Data were tested for normality as well as equal variance. Data that were normally distributed, and of equal variance, were expressed as the mean ± standard deviation (SD), and were compared using the unpaired t test. When normality failed, data were compared using the Mann-Whitney U test. Multiple comparisons were made using analysis of variance (ANOVA) and Kruskal-Wallis tests and because no differences were found no post hoc tests were used. Comparisons of maternal age across the groups were made using an ANOVA for multiple testing, and because no differences were found no post hoc tests were used. Correlations were evaluated using GraphPad Prism. A P value of < .05 was considered significant. The sample size, n = 57, had 80% power to detect a correlation of 0.325 between the parameters measured.
Results
There were 57 women recruited for the study of whom 26 were in the normal BMI category, 13 in the overweight BMI category, and 18 in the obese BMI category. All the women had a cesarean section performed electively, ie, before labor onset. The median gestation at delivery was 39 weeks, (range, 38−40). The mean BMI was 22.90 (n = 26) in the normal group, 27.56 (n = 13) in the overweight group, and 33.21 (n = 18) in the obese group ( P < .001). The mean age of all women recruited was 33.8 years (range, 18−45, n = 57). There were no significant difference observed between the ages of the women in the 3 different BMI groups, which were as follows: normal (mean, 32.8; range, 18−42; n = 26); overweight (mean, 35.6; range, 27−42, n = 13); and obese (mean, 33.8; range, 22−45; n = 18) groups. The reasons for cesarean section were as follows: previous cesarean section n = 33, breech presentation n = 15, unstable fetal lie n = 1, fetal hydrocephalus n = 1, placenta previa n = 1, maternal request n = 1, previous myomectomy n = 2, maternal lung malignancy n = 1, multiple pregnancy n = 1, maternal hypertension n = 1. The parity details (median, range, n) before the index delivery in the 3 BMI groups were as follows: normal (1, 0−2, n = 26); overweight (1, 0−2, n = 13); obese (2, 0−4, n = 18).
In relation to smooth muscle content, the mean SMC for all women was 65.2 ± 8.9% (n = 57).

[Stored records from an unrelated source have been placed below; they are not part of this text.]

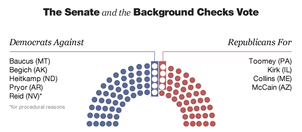 In the end, four Republicans voted in favor the Manchin-Toomey amendment, and four Democrats voted against it, excluding Senate Majority Leader Harry Reid, D-Nev., who switched his vote from yea to nay for procedural reasons.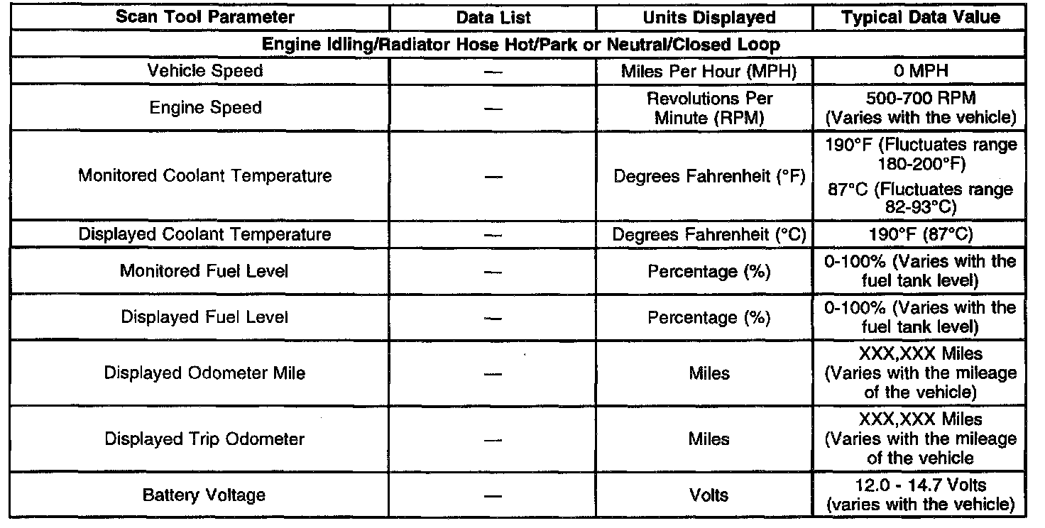This data is the cluster is measurement of the engine coolant temperature. The data is provided by the VCM/PCM on the Class 2 serial data line. If a Class 2 communication failure occurs, this data will be -40°F (-40°C).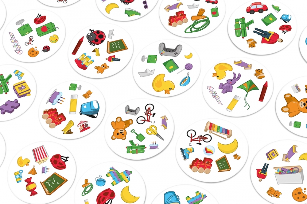 Dobble Kids to gra wspierająca trening spostrzegawczości i szybkości reakcji, w pełni dostosowana do potrzeb najmłodszych. Zestaw zawiera 55 kart z symbolami przedstawiającymi przedmioty i zabawki, którymi dzieci bawią się każdego dnia. Miś, plecak, piłka, rower, lalka – proste obrazki łatwiej nazwać, dzięki czemu możemy zaprosić do zabawy dzieci od 4. roku życia.
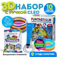 Купить Набор для 3Д творчества FUNTASTIQUE 3D-ручка CLEO с подставкой + PLA-пластик 10 цветов + светящийся PLA-пластик 3 цвета + Книжка с трафаретами (для мальчиков) с доставкой по всей России.

The mean SMC values observed in the 3 groups were as follows: women of normal BMI it was 65.6 ± 8.2% (n = 26); women of overweight BMI group, it was 63.8 ± 6.6% (n = 13); women of obese BMI group was 65.6 ± 11.4% (n = 18). These data are diagrammatically represented in Figure 3 , A. There was no significant difference observed in the SMC across the 3 groups ( P = .818). No significant correlation was observed between SMC relative volume and maternal BMI ( P = .65), maternal age ( P = .17), or parity ( P = .42). These data are demonstrated in Figure 4 , A, C, and E, respectively.